Example dataset row:
{
"custom_id": "1", # Each row must have a unique string ID
"method": "POST",
"url": "/v1/chat/completions",
"body": {
"model": "", # Empty string means prompt the base model without adapters
"messages": [
{
"role": "user",
"content": "Formulate an equation to calculate the height of a triangle given the angle, side lengths and opposite side length."
}
],
"max_tokens": 1000
}
}
To use an adapter, specify the adapter ID in the model
field. The base model
will be specified when creating the batch job.
Once your JSONL file is ready,
upload it to Predibase.
For information about preparing your dataset, see
Dataset Preparation.
Creating a Batch Job
Warning: Currently only base models up to 16B parameters are supported.
from predibase import Predibase
from predibase.beta.config import BatchInferenceServerConfig
# Configure the batch job
config = BatchInferenceServerConfig(
base_model="qwen3-8b",
lorax_image_tag=None, # Optional
hf_token=None, # Optional
quantization=None, # Optional
)
# Or use an existing deployment's configuration
dep = pb.deployments.get("my_deployment")
config_from_deployment = BatchInferenceServerConfig.from_deployment(dep)
# Create the batch job
job = pb.beta.batch_inference.create(
dataset="my_inference_dataset",
server_config=config,
)
Monitoring Jobs
# Check specific job status
print(pb.beta.batch_inference.get(job).status)
print(pb.beta.batch_inference.get("<JOB_UUID>").status)
# List all batch jobs
jobs = pb.beta.batch_inference.list()
for j in jobs:
print(j)
Getting Results
Once the job status is completed
, download the results:
pb.beta.batch_inference.download_results(job, dest="path/to/my_output.jsonl")

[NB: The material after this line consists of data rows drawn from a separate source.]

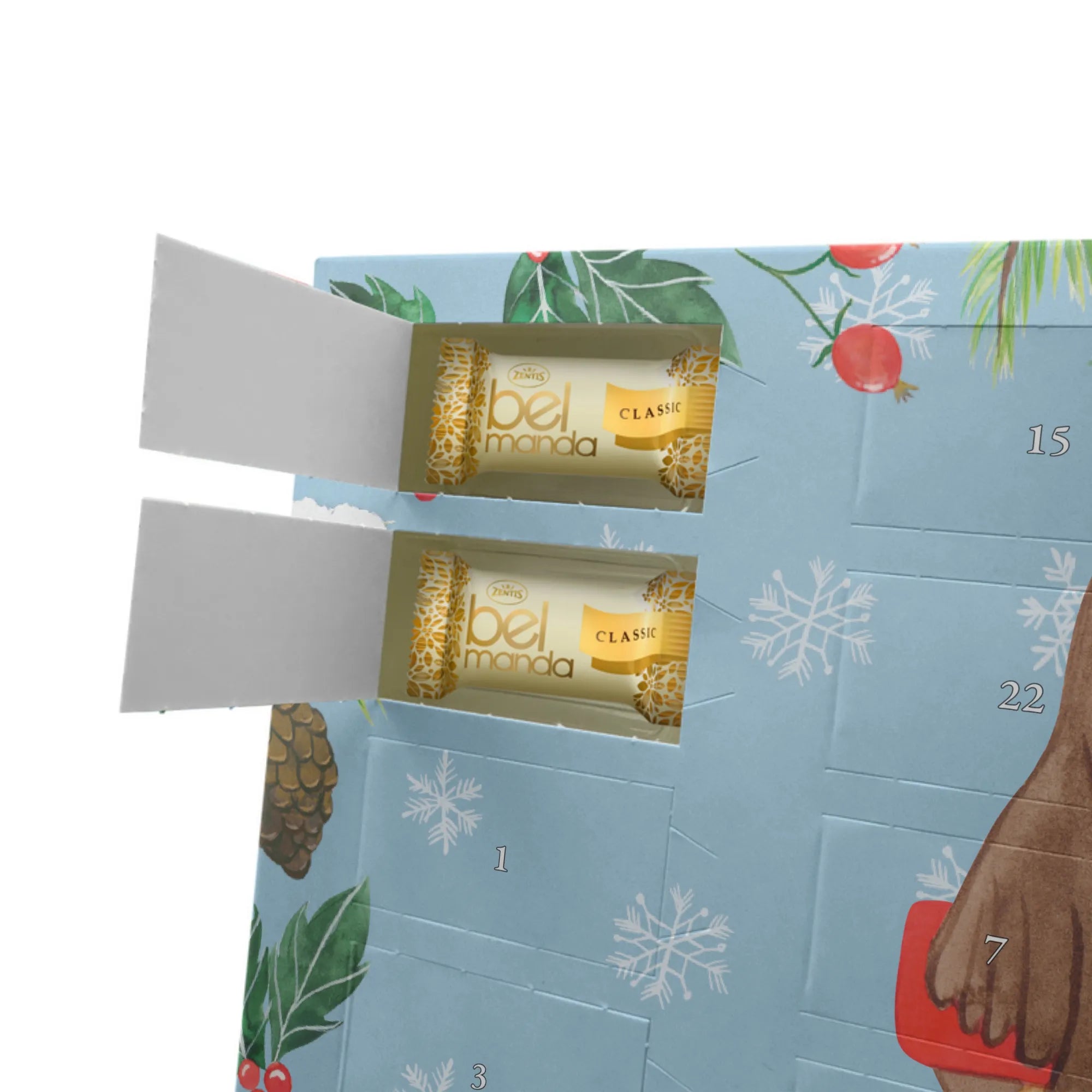 Bereite dir selbst oder deinen Liebsten jeden Tag mit dem Marzipan Adventskalender von Mr. & Mrs. Panda Freude. In einer Größe von 325 mm x 225 mm x 27 mm bietet dieser Kalender 24 Tage puren Marzipangenusses. Wunderschöne Illustrationen und inspirierende Sprüche schmücken ihn und machen ihn zu einem wahren Weihnachtsmärchen. Die seidenmatte Oberflächenveredelung hebt die Details der Illustrationen hervor und die bedruckten Seitenflächen verleihen ihm eine edle Note. Ganz nach Wunsch kann der Kalender aufgehängt oder aufgestellt werden. Beachte bitte, dass er Spuren anderer Schalenfrüchte enthalten kann. Dieser Kalender ist mehr als nur eine Süßigkeit – es ist ein Erlebnis der Sinne in der Adventszeit.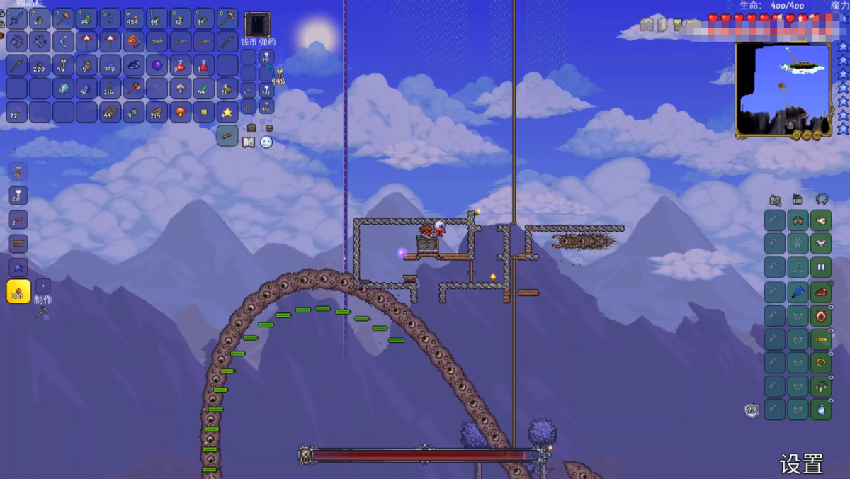 首先旧三王分别是世界吞噬者、骷髅王、克苏鲁之眼,先来说世界吞噬者,世界吞噬者的召唤物需要用15个腐肉和30和邪恶粉末。在腐化之地下面在腐化祭坛处合成召唤物,在夜晚使用召唤物,即可召唤出世界吞噬者,像一个大长虫子一样,击败方法很简单,在地面上建造足够高的平台就可以了,世界吞噬者飞行高度是有限的,很简单就可以做到无伤打败。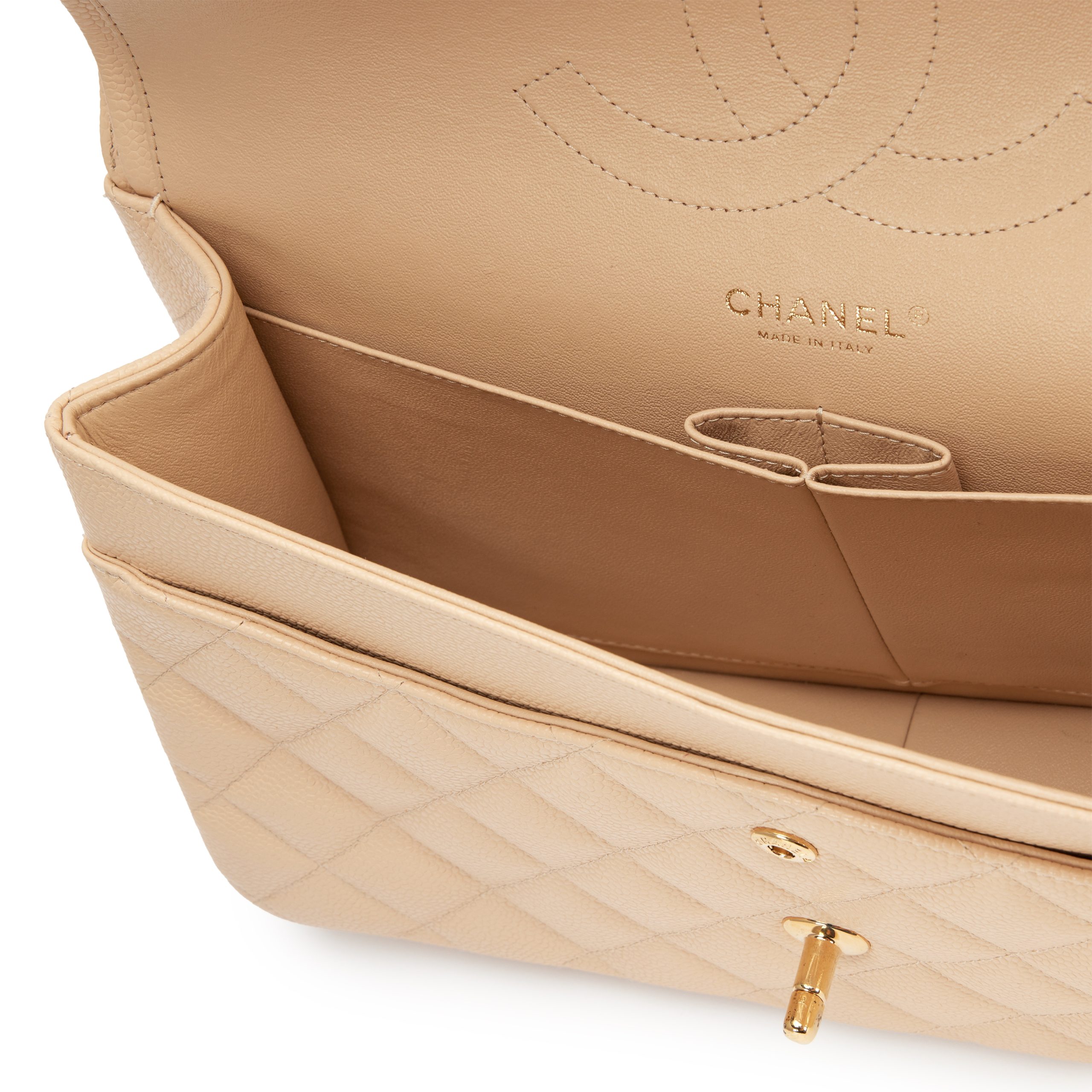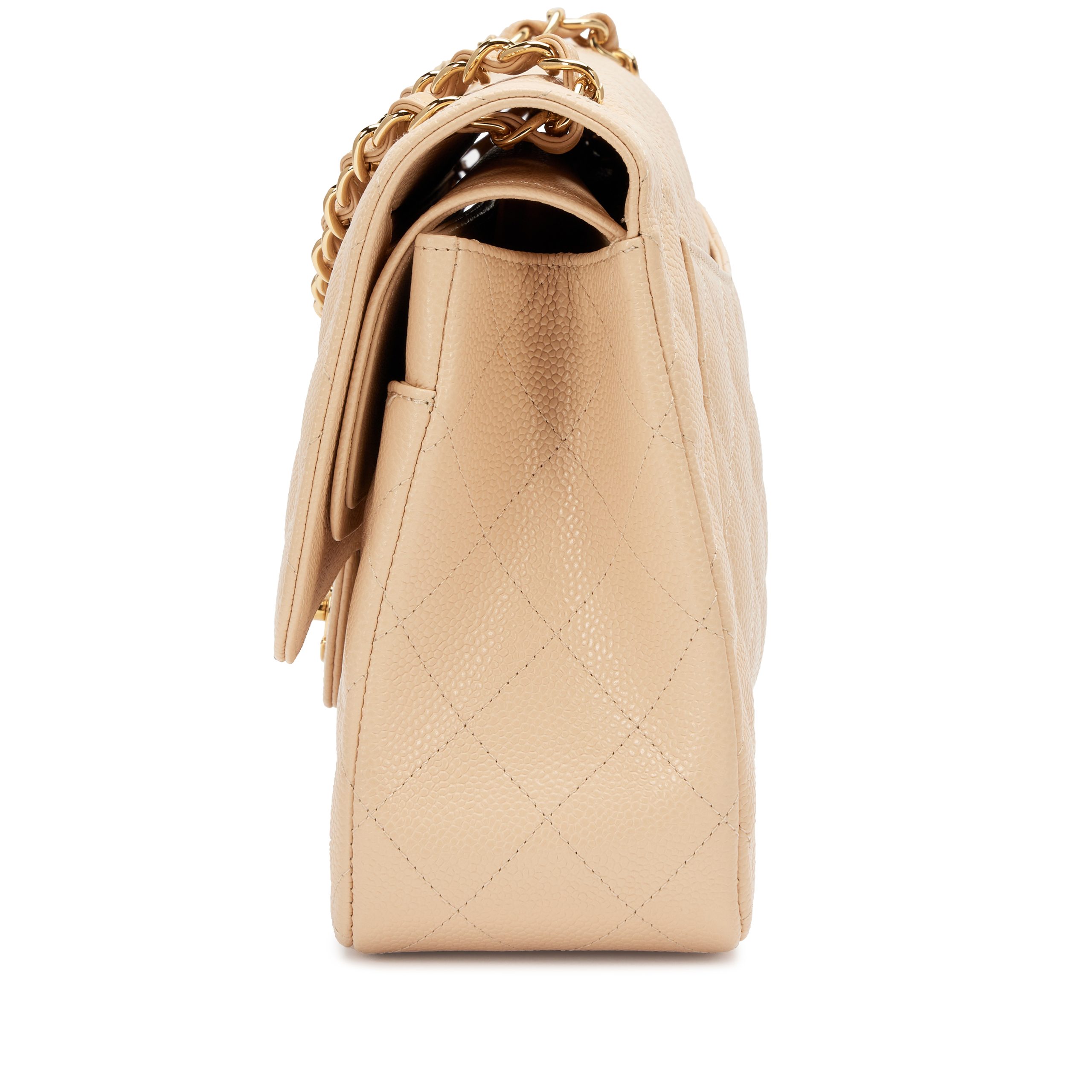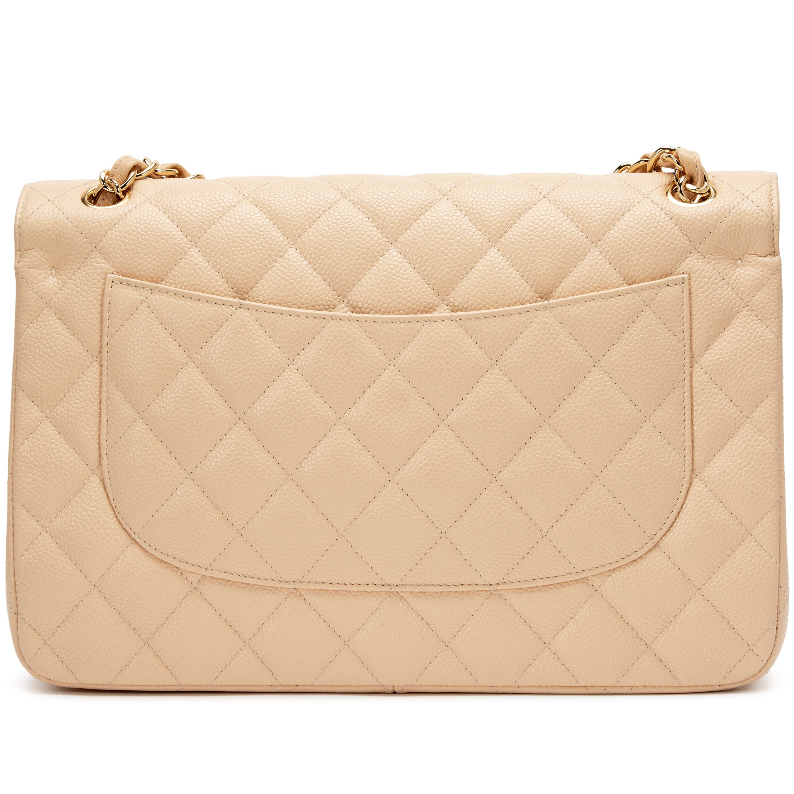 Chanel Beige Quilted Caviar Jumbo Classic Flap Bag Gold Hardware, 2014-2015The interior is lined in a tonal leatherIncludes authenticity card, information booklet, and dust bagThis item is final sale
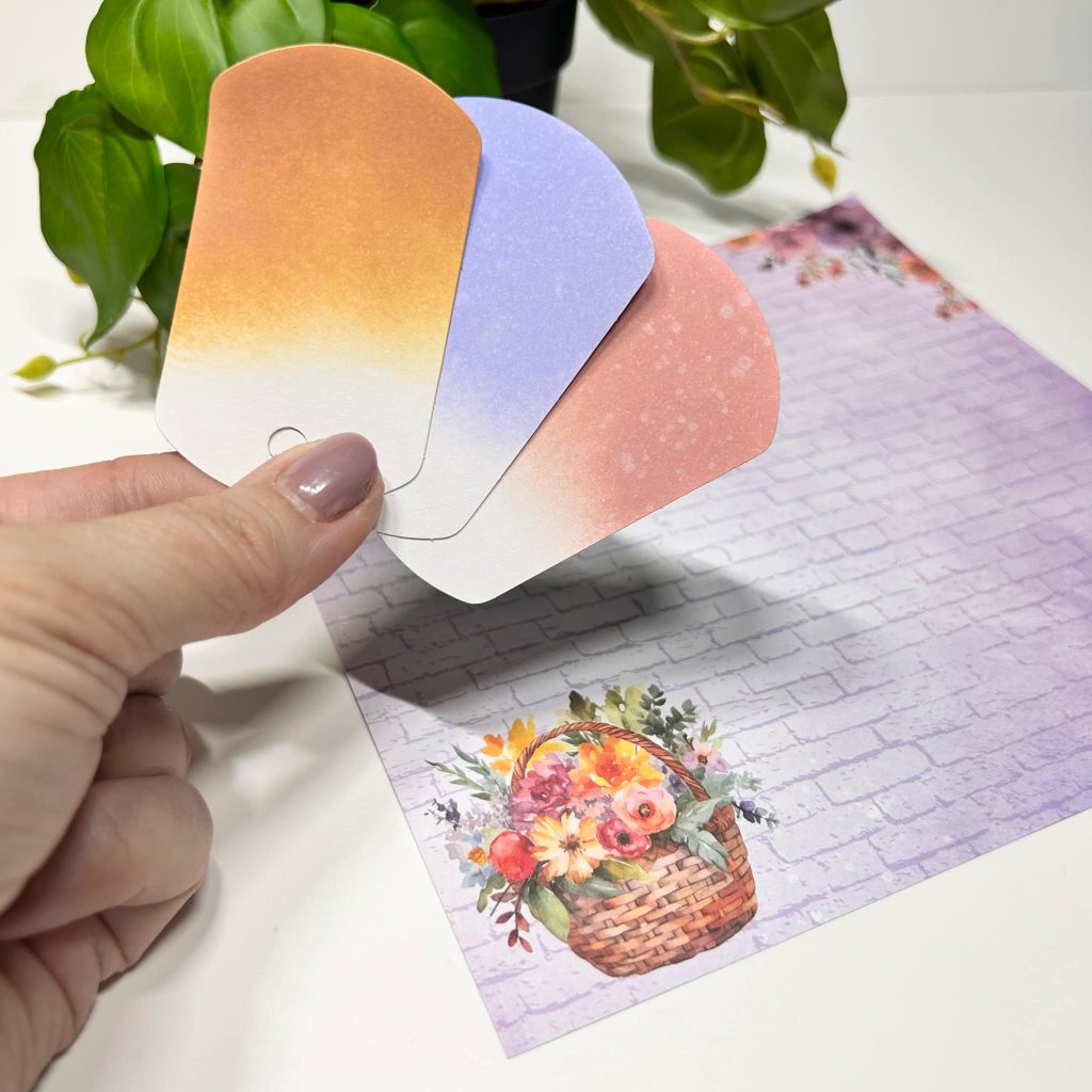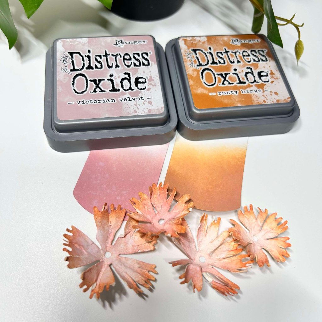 De bloemen zijn gestanst uit soft finish cardstock en vervolgens op kleur gemaakt met oxide inkten. Voor de bloem zelf zijn de kleuren victorian velvet en rusty hinge gebruikt. Deze kleurtjes passen weer perfect bij het paperpad Felicia.

pb.beta.batch_inference.download_results("<JOB_UUID>", dest="path/to/my_output.jsonl")
Example result row:
{
"custom_id": "1",
"response": {
"status_code": 200,
"body": {
"id": "null",
"choices": [
{
"finish_reason": "stop",
"index": 0,
"logprobs": null,
"message": {
"content": " To calculate the height of a triangle when the angle, side lengths, and the length ...",
"refusal": null,
"role": "assistant",
"audio": null,
"function_call": null,
"tool_calls": null
}
}
],
"created": 1737575137,
"model": "predibase/qwen3-8b",
"object": "text_completion",
"service_tier": null,
"system_fingerprint": "0.1.0-native",
"usage": {
"completion_tokens": 379,
"prompt_tokens": 30,
"total_tokens": 409,
"completion_tokens_details": null,
"prompt_tokens_details": null
}
}
},
"error": null
}
Note: Result rows may not be in the same order as the input dataset. Use the
custom_id
field to match results with inputs.
Pricing
Batch inference is priced at $0.50 per million tokens, with no difference
between input and output tokens.